Schema Generation#

checkedframe._schema_generation.generate_schema_repr(df: nwt.IntoFrame, lazy: bool = False, class_name: str = 'MySchema', header: str | None = 'import checkedframe as cf', import_alias: str = 'cf.') SchemaRepr#

Generate a schema definition from an existing DataFrame.

Parameters:
  • df (nwt.IntoFrame) – The DataFrame to draw the schema from

  • lazy (bool, optional) – If False, only inspects the metadata of the DataFrame and has no visiblity on the actual values. Useful if generating a schema from a lazy DataFrame. However, this means that parameters that rely on the values, like “nullable”, cannot be generated, by default False

  • class_name (str, optional) – The name of the schema, by default “MySchema”

  • header (Optional[str], optional) – The header at the top of the file. If None, no header is generated, by default “import checkedframe as cf”

  • import_alias (str, optional) – The string to put in front of the dtypes, by default “cf.”

Return type:

SchemaRepr

Examples

import checkedframe as cf
import polars as pl

df = pl.DataFrame({"customer_id": ["TVU8X", "BB235"], "balance": [322.5, None]})

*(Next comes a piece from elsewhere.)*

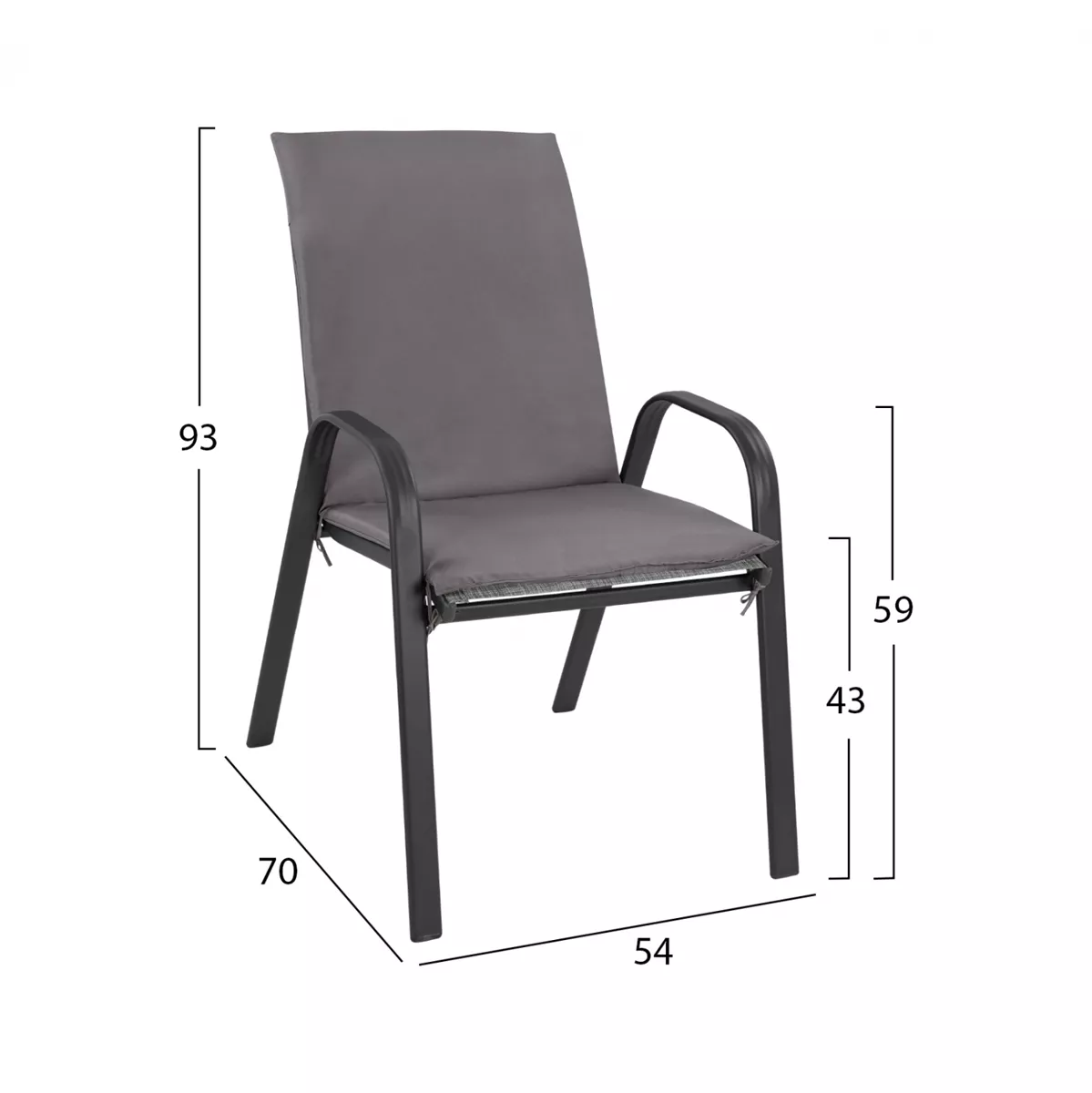 Outdoor armchair metallic grey with textilene 2x1 high resistance to sun and rain,
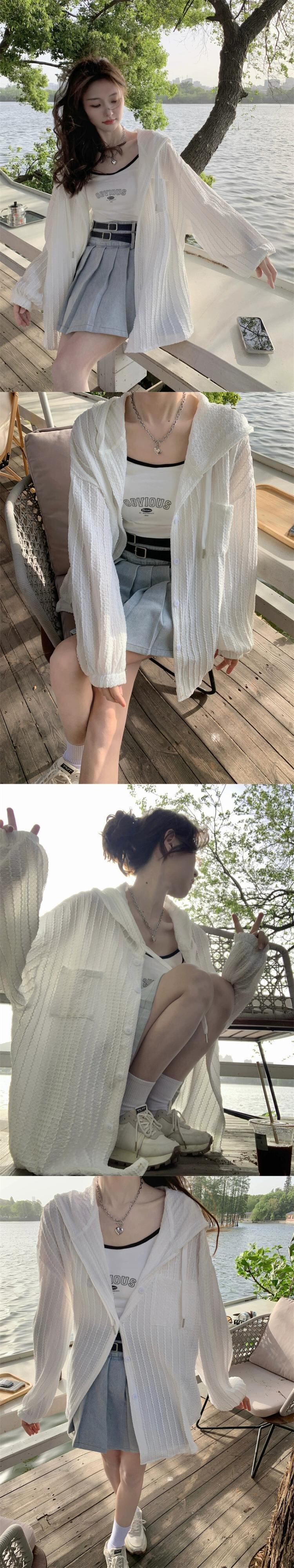 バージョンデザインセンスニッチフード付きシャツジャケット女性の夏 2023 新しいカジュアルルーズオールマッチ長袖カーディガン ロング サマー 夏物 0921954603183847

schema_repr = cf.generate_schema_repr()

# Write to file
# schema_repr.write_text("my_schema.py")

# Send to clipboard (requires pyperclip)
# schema_repr.write_clipboard()

print(schema_repr.schema_repr)

Output:

import checkedframe as cf

class MySchema(cf.Schema):
    customer_id = cf.String()
    balance = cf.Float64(nullable=True)